The new Agent Designer (low-code) is cool for quick demos, but in practice it’s limited to simple flows. I found complex logic still pushes me into ADK code. And while the platform gave me power, certain enterprise aspects feel “beta”: there’s not yet clear CI/CD guidance, and advanced features (like fine-grained IAM or model governance) have thin docs. For example, setting up ModelArmor or grounding agents in private data is promised, but I didn’t see step-by-step guides yet.

Finally, there’s always the question of cost and opacity: we traded compute management for model usage. Google’s new infrastructure (like 8th-gen TPUs and custom chips) means we’ll need to watch usage. The underlying pricing (beyond free tier) can still be confusing for new agent workloads.

Why This Matters to Us

Stepping back, Gemini Enterprise Agent Platform signals a shift in AI dev. We’re moving from the “model era” to an “agent era,” as one expert put it. It’s no longer about which model, but how we orchestrate them. For developers, this means treating AI systems more like microservices or workflows: we design agents with tools, loops, memory, and governance. The platform makes that accessible.

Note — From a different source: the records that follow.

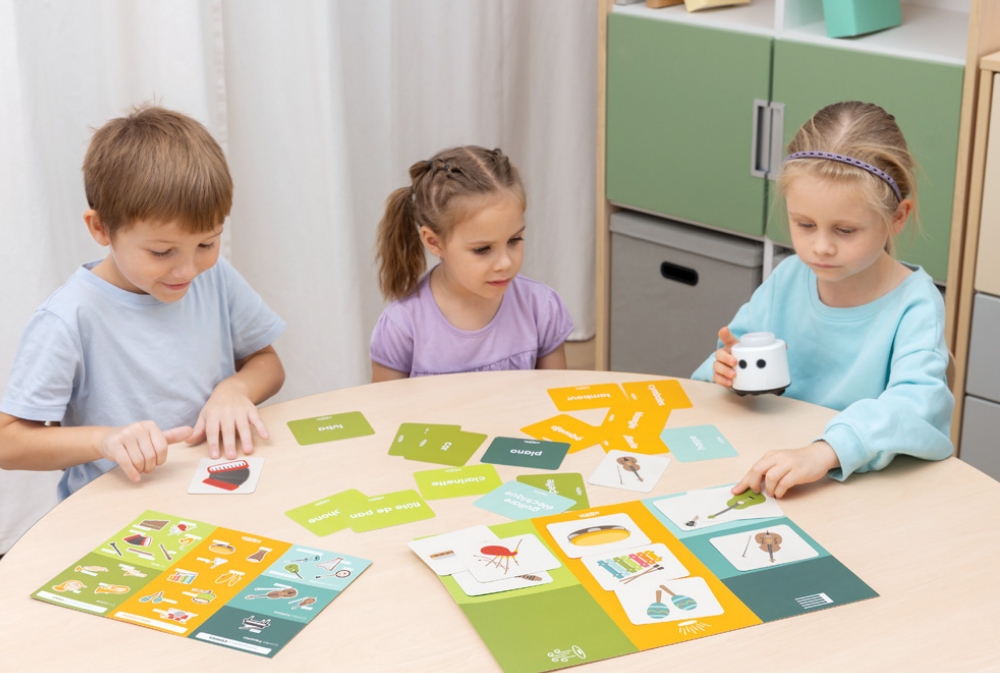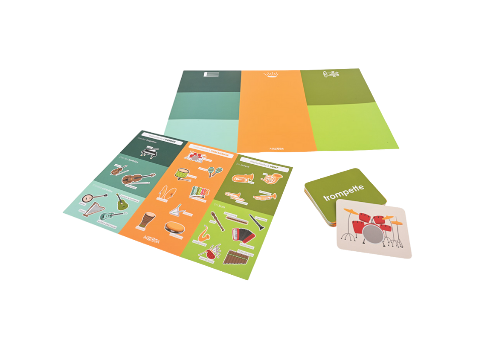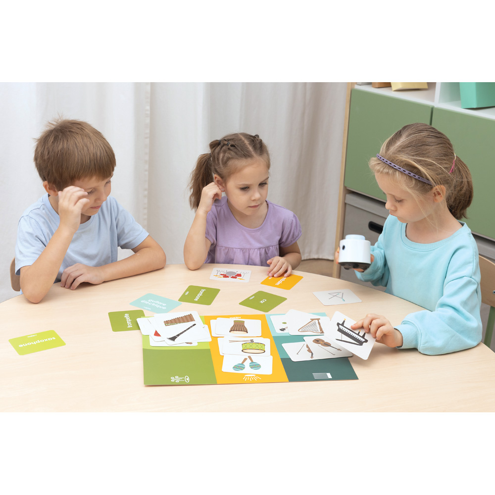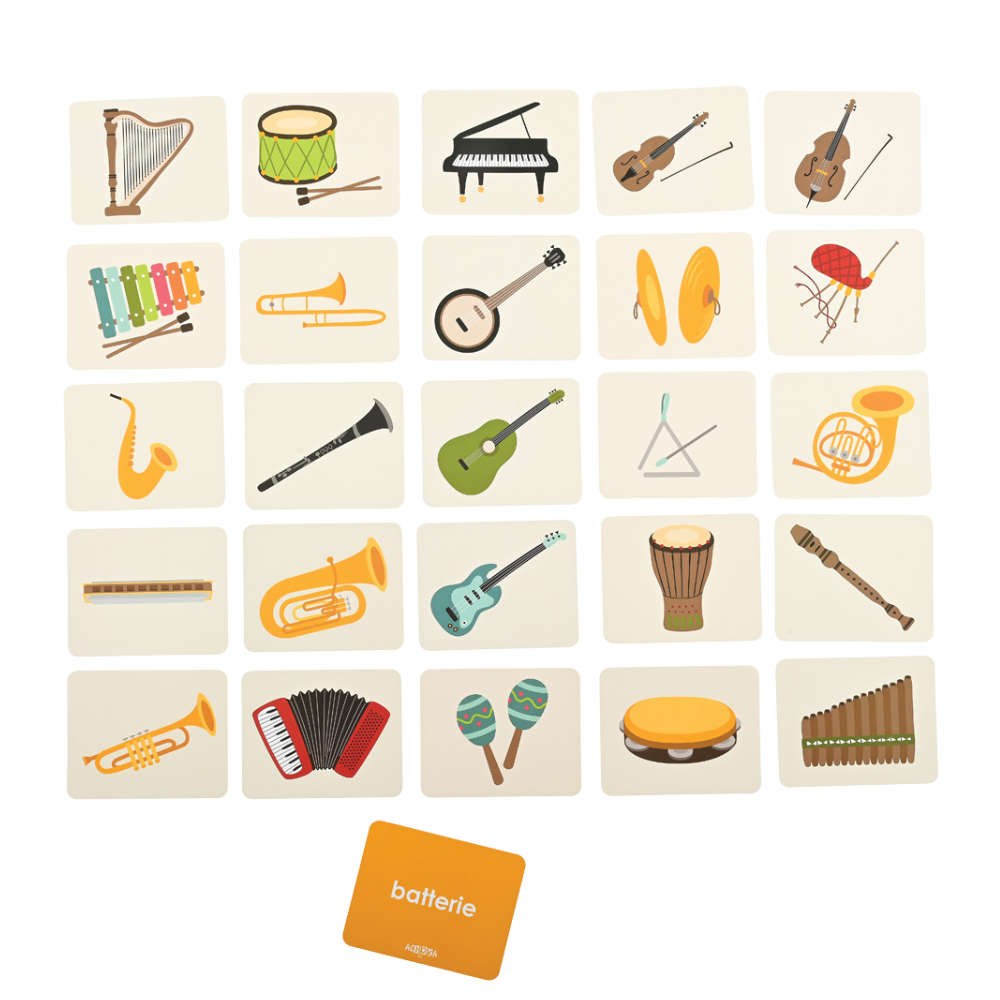 The set allows children to recognize instruments, name them, and practice the correct pronunciation of French words and sound-related concepts. By combining illustrations, audio recordings, and words, learning vocabulary becomes natural, engaging, and closely aligned with children’s curiosity.
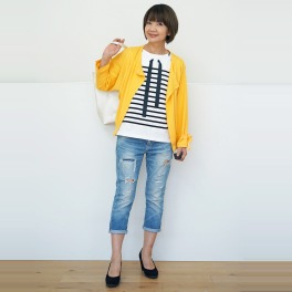エンメ・エイックスリネンボーダー切替長袖カーディガン
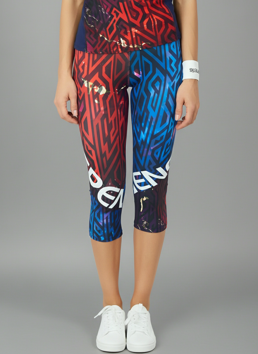 Fitness legíny s vysokým pásom v jedinečných farbách a asymetrickej grafike.
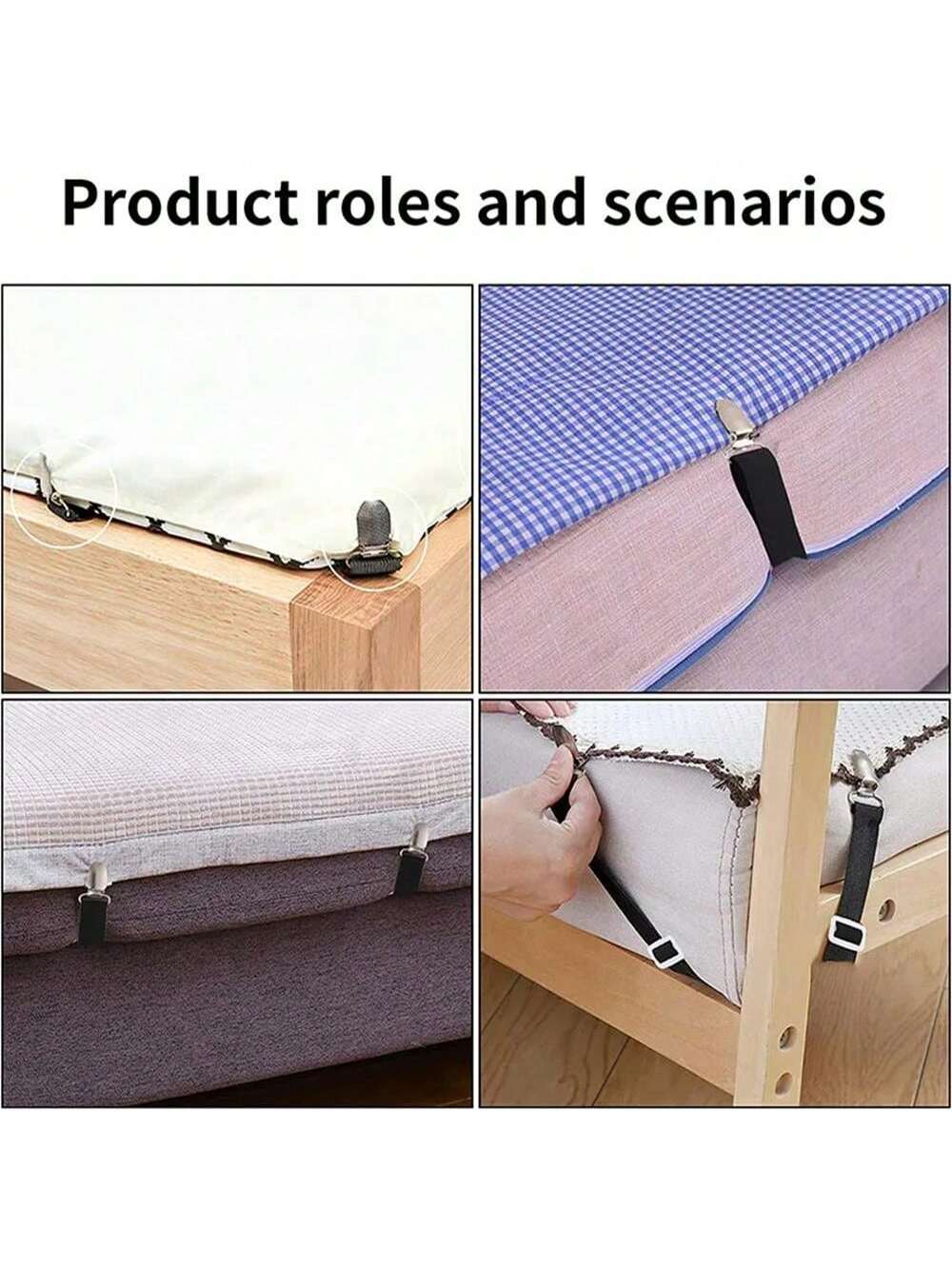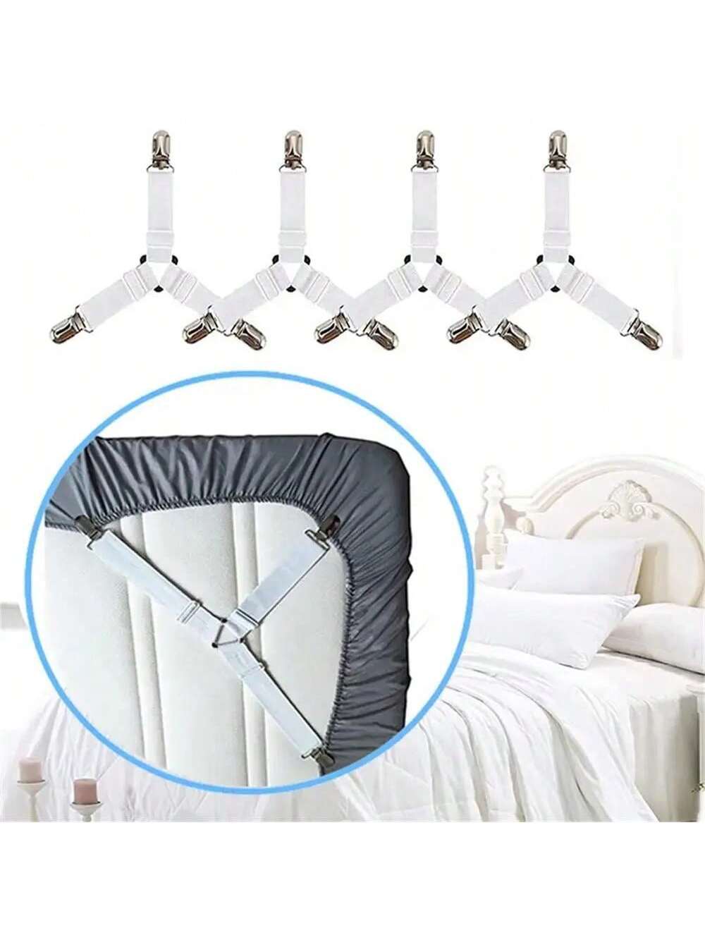 BELLAVOG 4Pcs Adjustable Bed Sheet Grippers Belt Fastener Bed Sheet Clips Mattress Cover Blankets Quilt Holder Organize Gadgets
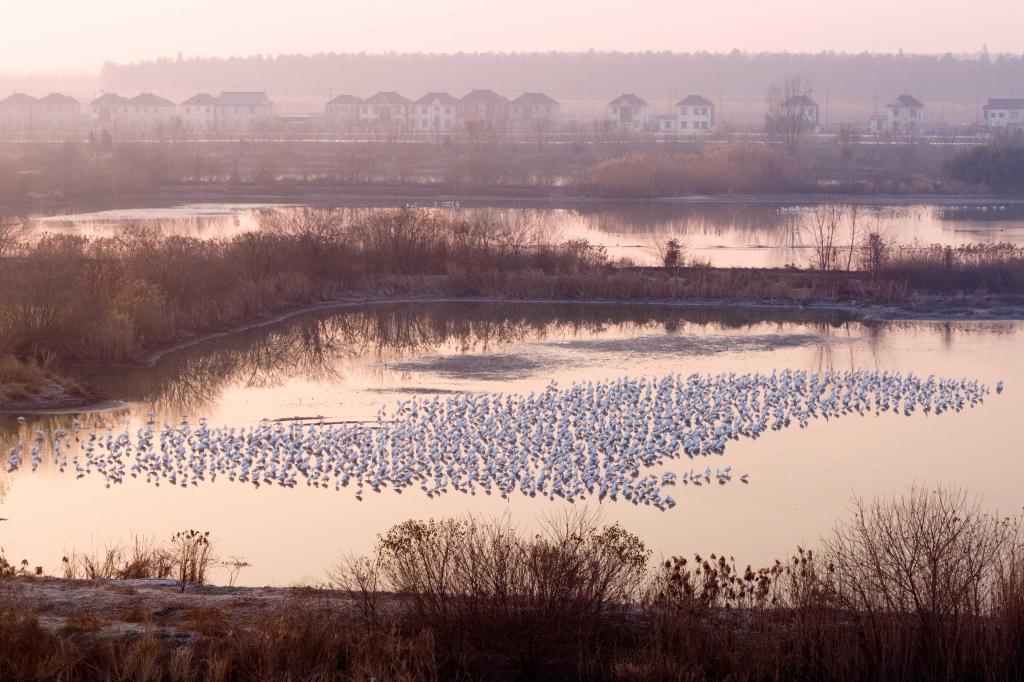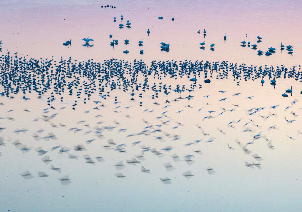 近日,大批候鸟飞抵江苏省兴化市里下河国家湿地公园,成群结队在浅滩觅食、休憩。近年来,当地生态环境持续改善,越冬候鸟数量逐年增多。
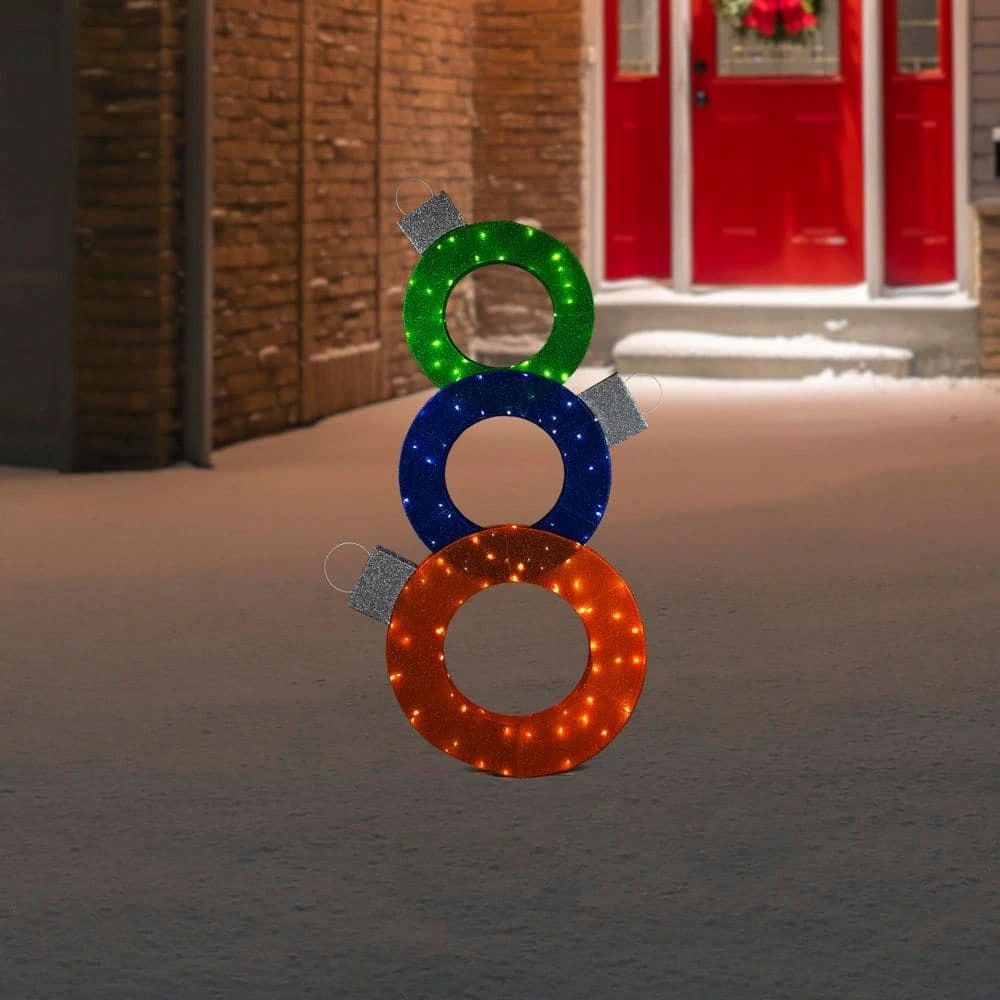Get into the holiday spirit with this lighted stacked ornament yard decoration. The ornaments are red blue and green with silver caps. Stacked from largest to smallest they are filled with clear lights. it will provide an ample amount of illumination for your yard. Also a perfect addition to your porch entryway tabletop or anywhere you wish to add a little holiday charm. Product Features: Christmas stacked ornament decoration. Pre-lit with 130 clear lights. Bulb size: micro. Bulb type: incandescent. 4.5′ clear lead cord. UL outdoor adaptor. Comes with replacement bulbs and spare fuses. Some assembly required; ground stakes not included. UL approved and certified for indoor or outdoor use. 120V 60Hz 0.20A. Recommended for outdoor. Dimensions: 31.5in.H x 26.75in.W x 6.5in.D. Material(s): metal/plastic/wire/fabric
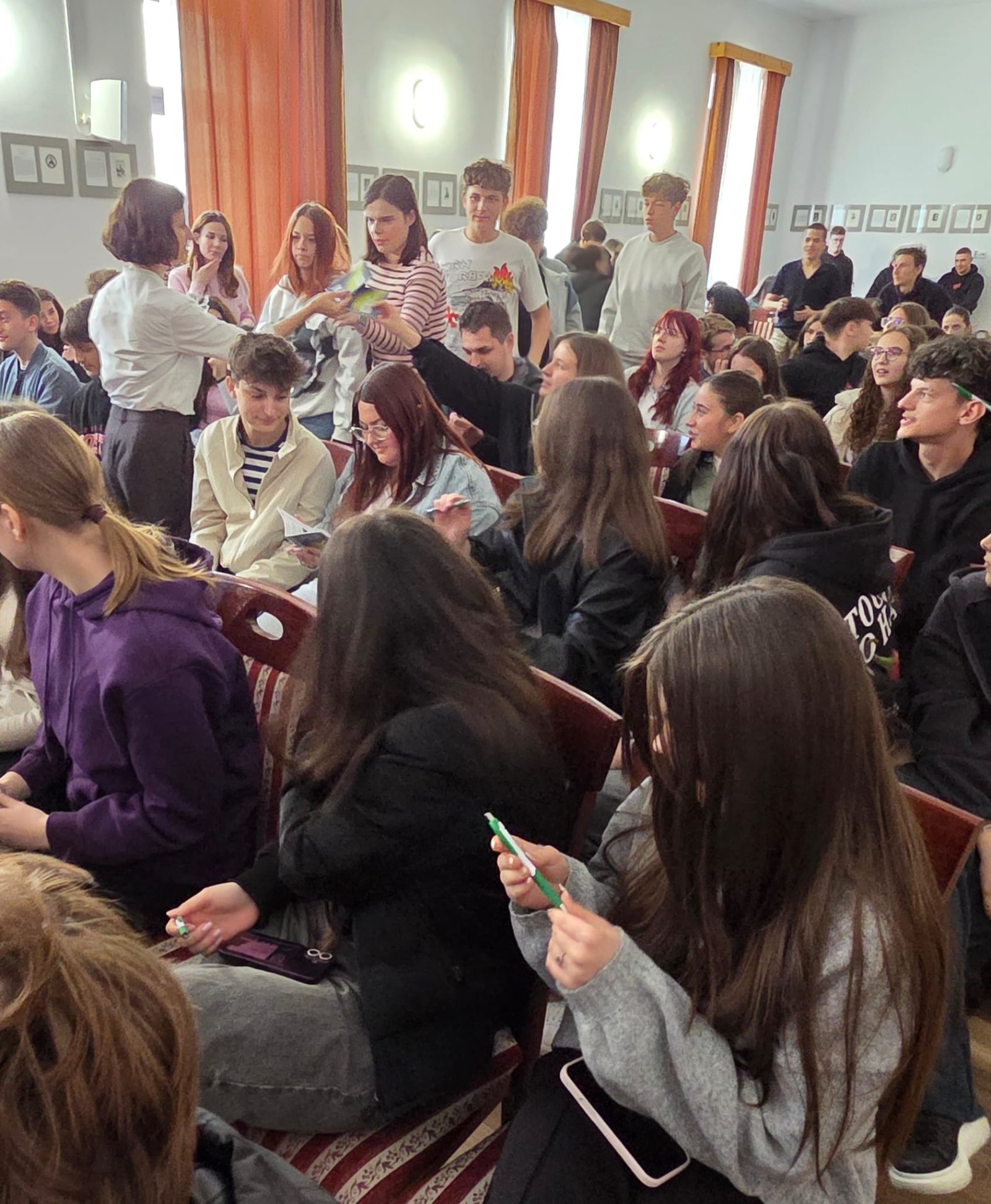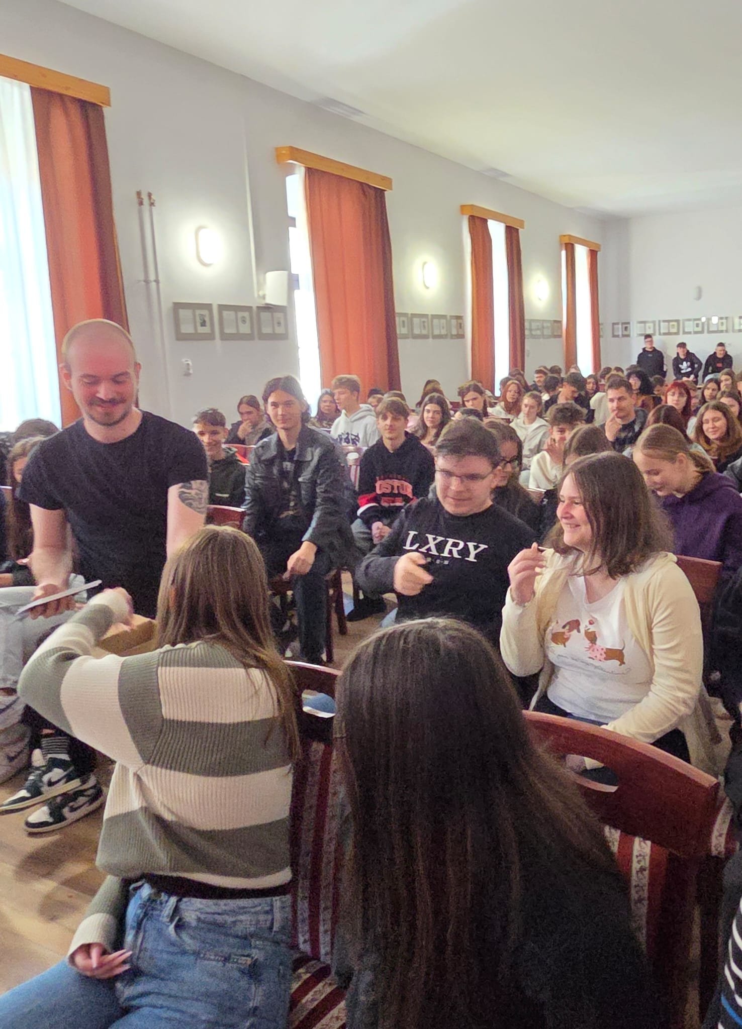 Veres Ottilia, a PKE angol szakos tanára, kreatív képeken és rövid videókon keresztül keltette fel a középiskolások érdeklődését. A diákok aktívan kapcsolódtak be a beszélgetésbe, érdekes kérdésekre válaszoltak, és közben észrevétlenül fedezték fel, mennyire sokszínű tudást kínál az angol szak.

My takeaway: The glue (plumbing) is being normalized. If your app needs smart assistants, RPA, or automated workflows, this platform could be a game-changer. You can prototype end-to-end without building a lot of infrastructure from scratch. The developer velocity is real – I spent minutes, not days, on my test agent. In practical terms:

  • Do try it if you can: Use the free credits and free tier to spin up an agent, even a toy one. You’ll see how straightforward it is to connect LLM reasoning with your own code and data.
  • Plan migration if you’re on Vertex: Google is basically telling us Vertex AI as a standalone thing is gone. Learn the new ADK and workspace; think about how to re-write existing pipelines on Agent Platform.
  • Don’t expect magic no-code for all: The no-code studio is neat, but you’ll likely need to code to get complex behavior. Treat Agent Designer as a helper, not a full replacement for developers.

In short, Google Cloud NEXT ’26 didn’t just drop new APIs – it dropped a developer experience. The Gemini Enterprise Agent Platform is an ambitious bet that AI tooling belongs in one place. If that idea resonates with you, it’s worth exploring firsthand. It might feel a bit raw at first, but it’s the clearest signal yet of where cloud AI is headed: not just smarter models, but smarter ways of building with them.